Calificación del editor

El cierre de ‘Boneshaker’ es una patada en la cara, un ciclón, y representa todo lo que AMAMOS de Airbourne. Un destrozacervicales que casi justifica la compra del disco. Y es que pocos grupos tienen la capacidad de conseguir justamente eso.

6.5
VALORACIÓN

airbourne boneshaker

AIRBOURNE
‘BONESHAKER’
Spinefarm

Parece mentira, pero el debut discográfico de Airbourne (ese cañonazo de hard rock titulado
‘Runnin’ Wild’, del que sobreviven varios himnos en los conciertos actuales de la banda) fue
hace 12 años. DO-CE-A-ÑOS, amigos y amigas. ¡Qué rápido pasa el tiempo para los que ya peinamos canas!
Y aquí estamos, enfrascados en el último trimestre de 2019 y con otro lanzamiento -el quinto de estudio- de los australianos taladrándonos los oídos. ‘Boneshaker’ ha llegado con la misma fórmula, la misma actitud y el mismo espíritu gamberro que caracteriza a la formación de los hermanos O’Keefe, esta vez apoyados por un nuevo miembro a las guitarras, Matt Harrisson, que sustituyó hace relativamente poco a David Roads.
Pero vamos a ser sinceros: éste es, más que probablemente, el álbum más flojo de Airbourne hasta la fecha.
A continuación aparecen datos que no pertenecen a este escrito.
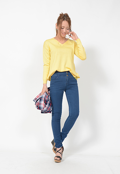 きれいな色づかいでスキニーパンツに合わせると、大人なカジュアルスタイルが完成します。
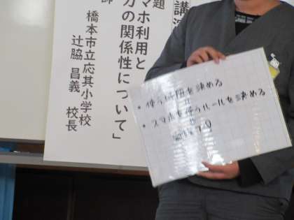 今回は、スマホと学力の関係について、データを用いながら、6年生児童と保護者のみなさんを対象に説明をさせていただきました。少しでもスマホやラインの長時間使用の危険性について気付いてくれて、自分をコントロールする行動につながってくれればいいなと思います。すべては、自分事として、自分のためにとる行動です。また、お家でもじっくりと話し合っていただくことを願っています。保護者の皆さま、本日は最後までお付き合いいただき本当にありがとうございました。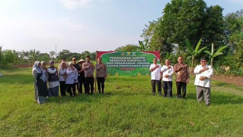 SERANGRAYA.ID | Serkot – Guna mendukung program ketahanan pangan nasional Polsek Serang Polresta Serang Kota (Serkot) bersama Forkopimcam, Tokoh Masyarakat dan Kelompok Tani (Poktan) yang ada di Kelurahan Serang Kecamatan Serang Wilayah Hukum Polsek Serang melaksanakan penanaman jagung serentak kuartal ke III di lokasi penanaman yang ada di Lingkungan Perumnas Ciracas, Kelurahan Serang dengan luas lahan 1,4 hektar pada Rabu, (09/07/2025).
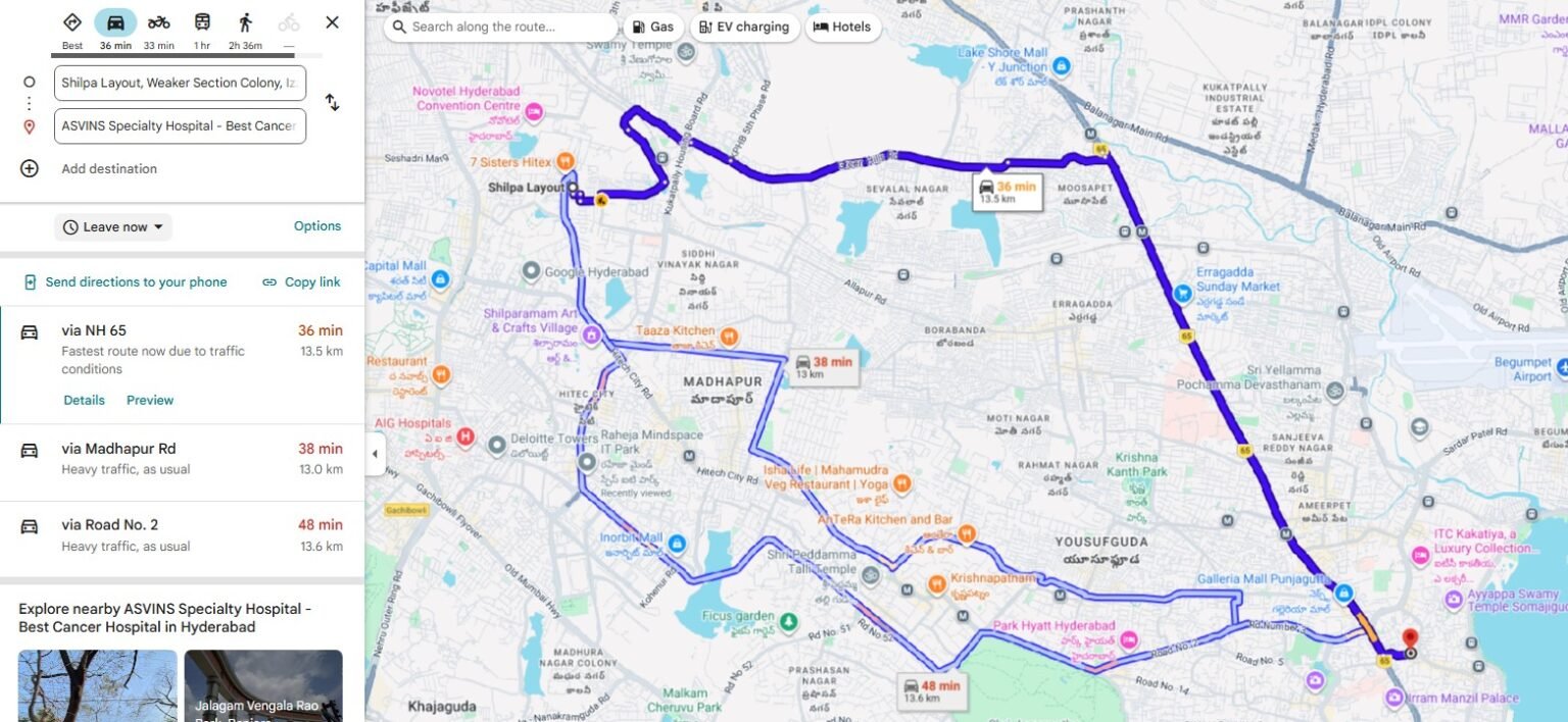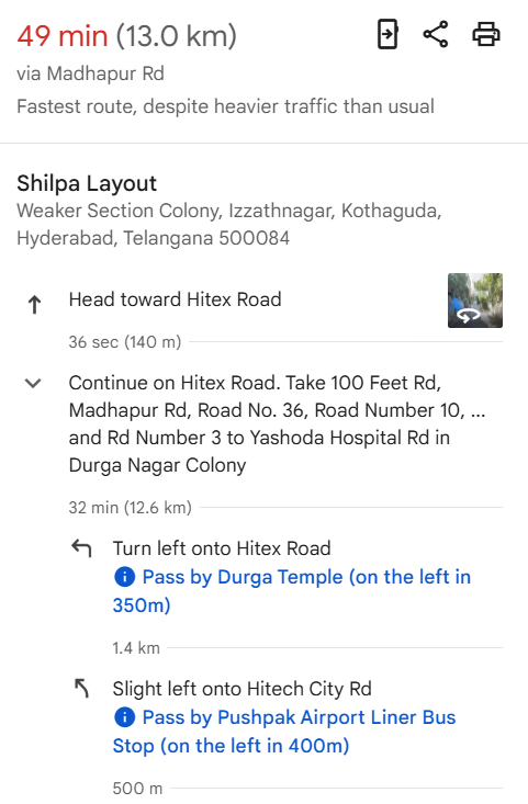 - Turn left onto Hitex Road (Pass Durga Temple) – 1.4 km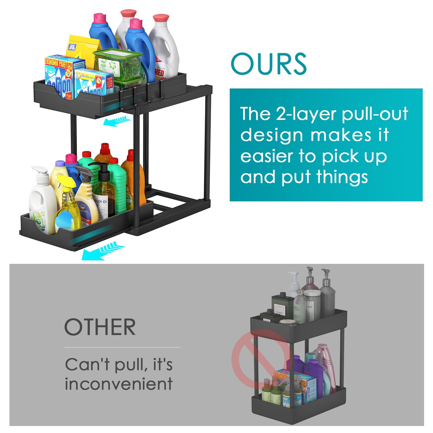 StowBin Küchen Organizer, 2 Pack Unter Waschbecken Regal mit 4 Haken, Spülschrank Organizer, Badezimmer Organizer, Schrank Organizer, Ordnungssystem für Küche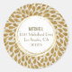 Ronde 1/5" autocollants d'adresse de retour avec pétales abstraits de fleurs d'or, éclats d'or et anneaux autour du nom et de l'adresse.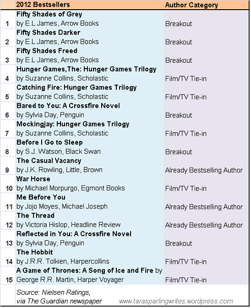 The Hunger Games was already a success when first published in 2008, but in 2012 Suzanne Collins was named the bestselling Kindle author of all time. It’s hard to know whether e-books made a huge difference, or whether the release of the The Hunger Games film was solely responsible for sales revival and her 2012 bestselling status (hence the categorisation of “Film/TV tie-in” above). But given her target readership and the fact that teen/adult crossover novels tend to do particularly well in e-book format, e-publishing can’t have hurt.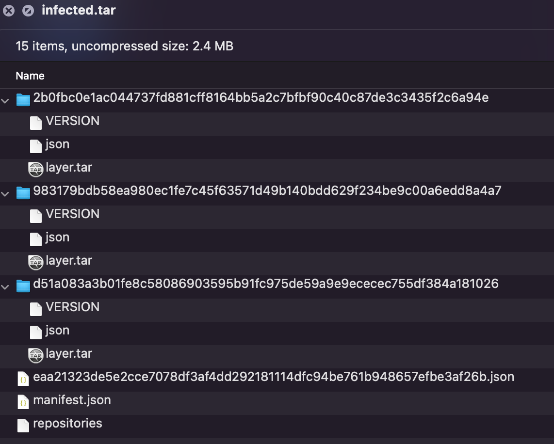그러면 이 infected.tar을 가지고 분석을 해보자.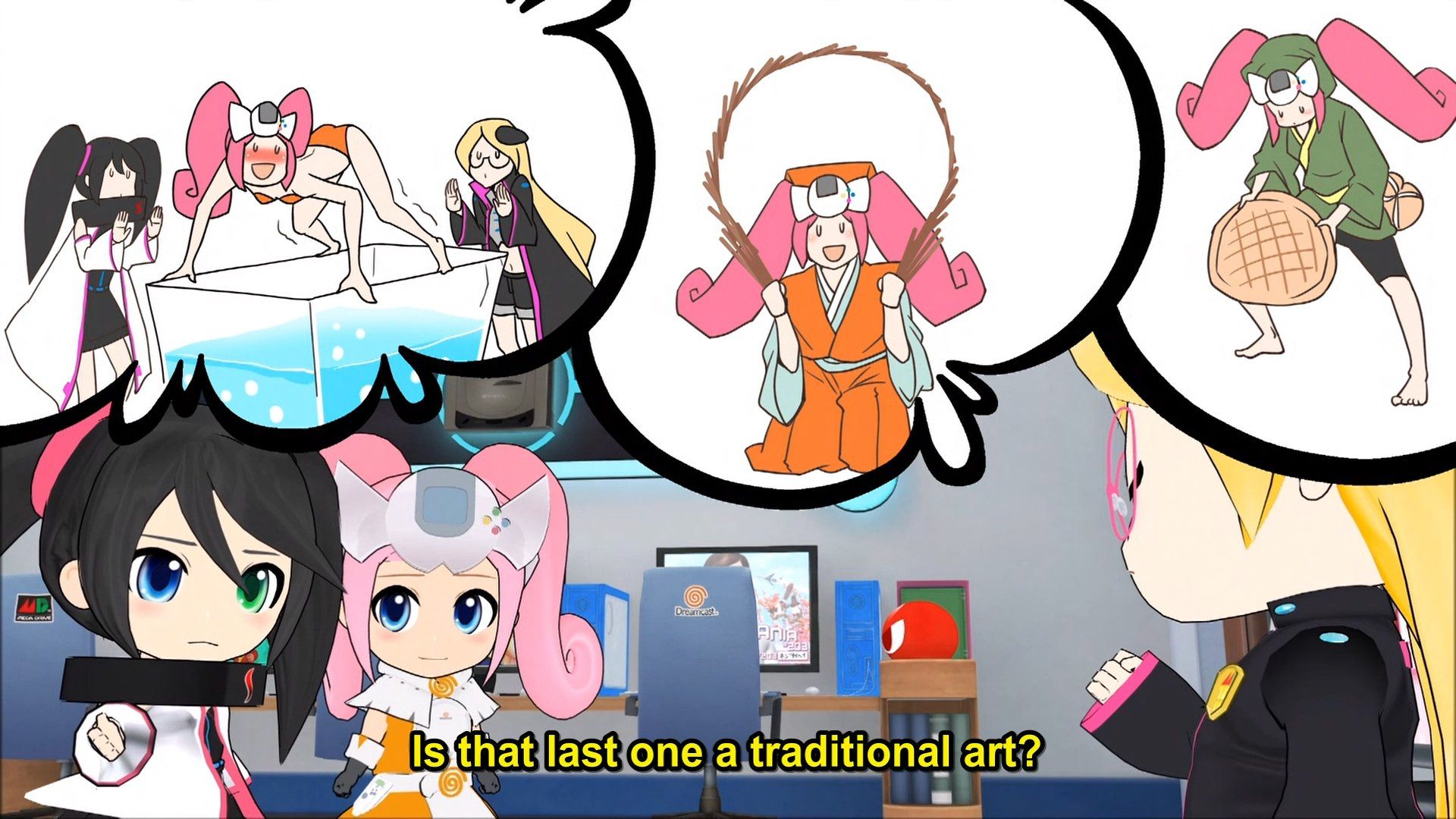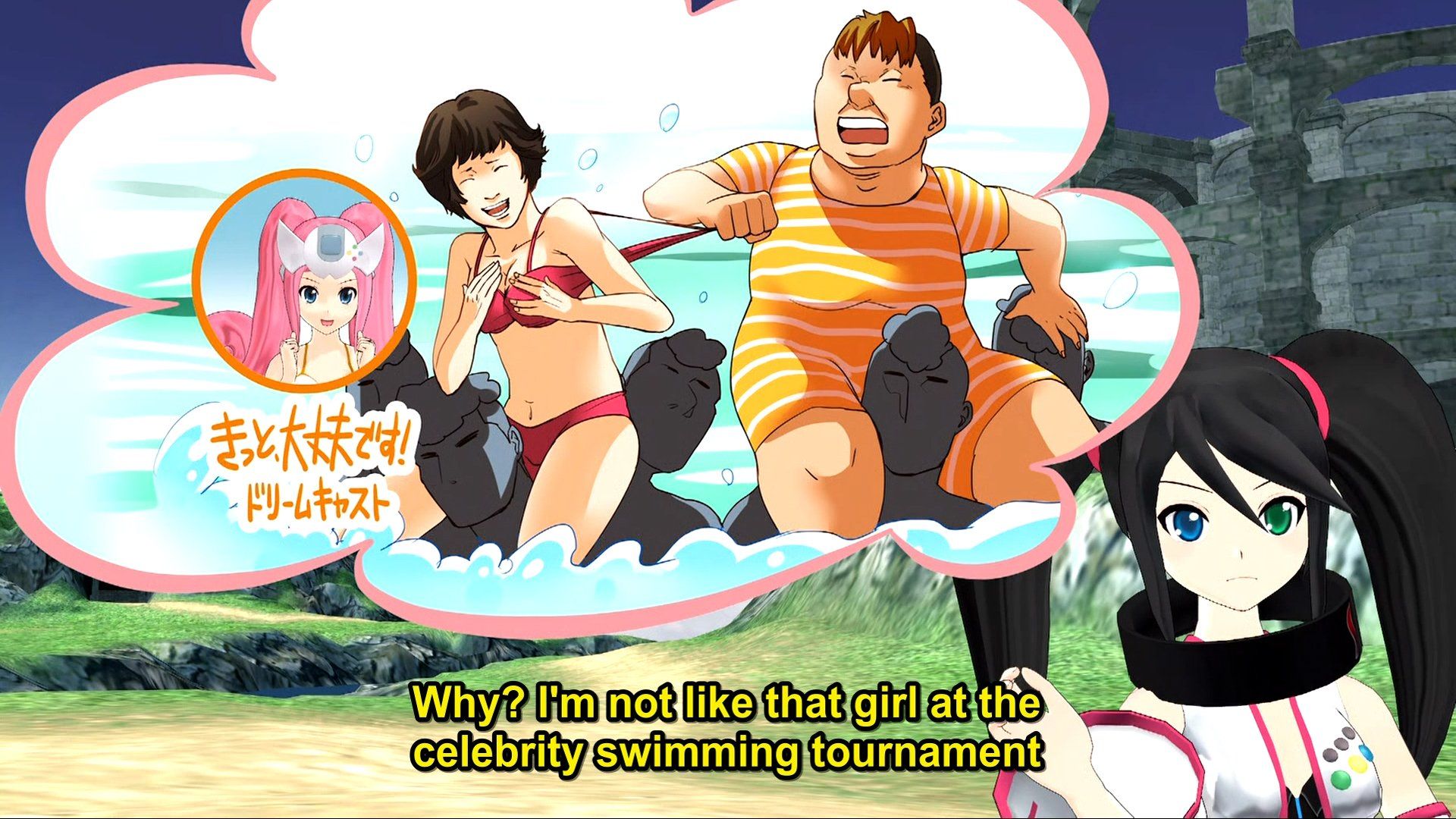 The other two pictures include her suggesting she'll do a traditional art at the Talent Show - but Mega Drive questions whether suspending herself above water in a bikini classifies as a traditional art. Also bear in mind that Japanese tradition is to read from right to left, which is why the "last" idea is on the leftmost side of the screen.

Lo intenta, pero no lo logra del todo. Suena desbravado, agotado, como si el cuarteto aussie necesitara unas vacaciones de tanto rock’n roll (¿Cuántas veces se pronuncia “rock ‘n roll” en la discografía de la banda? ¿Decenas, quizá centenares o miles?) o como si les hubiera faltado algo de gasolina de esa que los pone de mala leche, los hace afilar los colmillos y salir a desgarrar y triturar todo lo que tienen por delante cuando graban o, por supuesto, cuando tocan en directo.
Eso sí, que ningún fan se asuste. Tenemos dentro de este CD temas de una factura 100% Airbourne que harán las delicias de todos. Muestra de ello son -a mi juicio, claro- ‘Sex to go’,‘She gives me hell’ o ‘Blood in the water’ en las que encontramos esas guitarras estridentes, esos ritmos pegadizos, esos estribillos coreables con los que gritar como posesos una y otra vez e incluso, y se prodiga poco en esta ocasión, ese Joel O’Keefe chillón y estridente que tanto nos gusta, bordeando lo desagradable pero dejando a casi cualquier cantante de rock a la altura del betún.
Lo cierto es que ni el tema elegido como single y que da el nombre de ‘Boneshaker’ al disco
está (ni de refilón) a la altura de otros sencillos del cuarteto como fueron «Runnin’ Wild», «Too much, too young, too fast», «No way but the hard way» o incluso el más reciente «Breakin’
outta hell», pero, ah, sí encontramos (amén del puñado de buenas canciones mencionado
antes) esa chispa, ese talento, ese maldito savoir faire que llevan impregnado en el ADN musical estos cuatro canallas. Y lo encontramos escondido, justo al final, dispuesto a
saltarnos a la yugular, en la forma de «Rock ‘n roll for life». Joder. ¿Otra vez Rock and roll? ¡PUES SÍ!
El cierre de ‘Boneshaker’ es una patada en la cara, un ciclón, y representa todo lo que AMAMOS de Airbourne. Un tema directo, sin concesiones ni contemplaciones de ningún tipo. Un destrozacervicales que, para mí, entra directamente a la lista de mis 10 favoritos de Airbourne. Quizá me exceda diciendo que casi justifica la compra del disco, pero la adrenalina (corriendo a chorros gracias al propio tema) hace que lo piense de verdad. Y es que pocos grupos tienen la capacidad de conseguir justamente eso. Que tras empaparnos de un disco mediocre a todas luces -aunque gane con las escuchas, he de ser honesto-, acabemos, gracias a un broche totalmente fan service, agitando convulsivamente el cuello y los puños, gritando, saltando y dándole otra vez al play porque, qué narices, son los putos Airbourne y sí, nos encanta el Rock ‘n roll. La madre que los parió.